Currently, 17 students are employed at CSSS, which is led by Reverend Donna Hughes.  At the conclusion of the previous academic year, many of these students approached Hughes to propose the idea of changing the name of the center.  They believed that including “Religious Life” directly in the title of a center that offered so many other valuable services had a negative connotation of exclusivity, and was not appearing as a center that every student could utilize. 

“Change was based on the idea that the office wanted to be more inclusive and that the word ‘religion’ often pulled people away. Therefore by using the word ‘spirituality,’ more people would feel more included,” Carol Fadalla ’18, a CSSS student employee in the Community Service Projects office, said.

After much discussion about how to create a new name that was both inviting and conveyed the values and services of the center, Hughes and the students settled on CSSS.  All of the students were on board with this new name and what it represented.

“Social justice drives my spirituality and [service]. I think our name better represents our work and is more inclusive,” Sydney Cross ’15 of the CSSS Religious Life office said.

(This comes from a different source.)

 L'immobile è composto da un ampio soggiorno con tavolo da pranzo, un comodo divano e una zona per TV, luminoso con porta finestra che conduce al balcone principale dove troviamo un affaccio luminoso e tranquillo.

Hughes also believed that the center should further emphasize social justice because of its central importance to many of the programs that CSSS has to offer Dickinsonians, ranging from discussions about poverty and homelessness, to awareness about race relations, and the work that the center does to bring to light and to inspire change on campus, in our communities and even abroad. 

Lisa Teitelbaum ’17, an employee of the Community Service Projects office, expanded on the need for the name change.

“We felt that broadening the name would better reflect the variety of services offered through the center,” Teitelbaum said. “Regarding the addition of the social justice aspect, we believe social justice is a key facet of both community service work and religious teachings.”

With this new name and reinforced mission, CSSS made sure that they were recognized at the beginning of the school year, setting up tables and booths for events, such as activities fair, and organizing events for first years during orientation week. 

“We really tried to launch the new name,” Hughes said, discussing the pens, bags and pamphlets that were ubiquitous during the first week.  The center is now known for its emphasis on the color orange, particularly because it distributed bright orange drawstring bags with the center’s logo and information about their mission and their values to the first years. 

CSSS chose the color orange to represent the center because its psychologically uplifting effect appropriately  indicates the happiness, service and acceptance for which the center stands.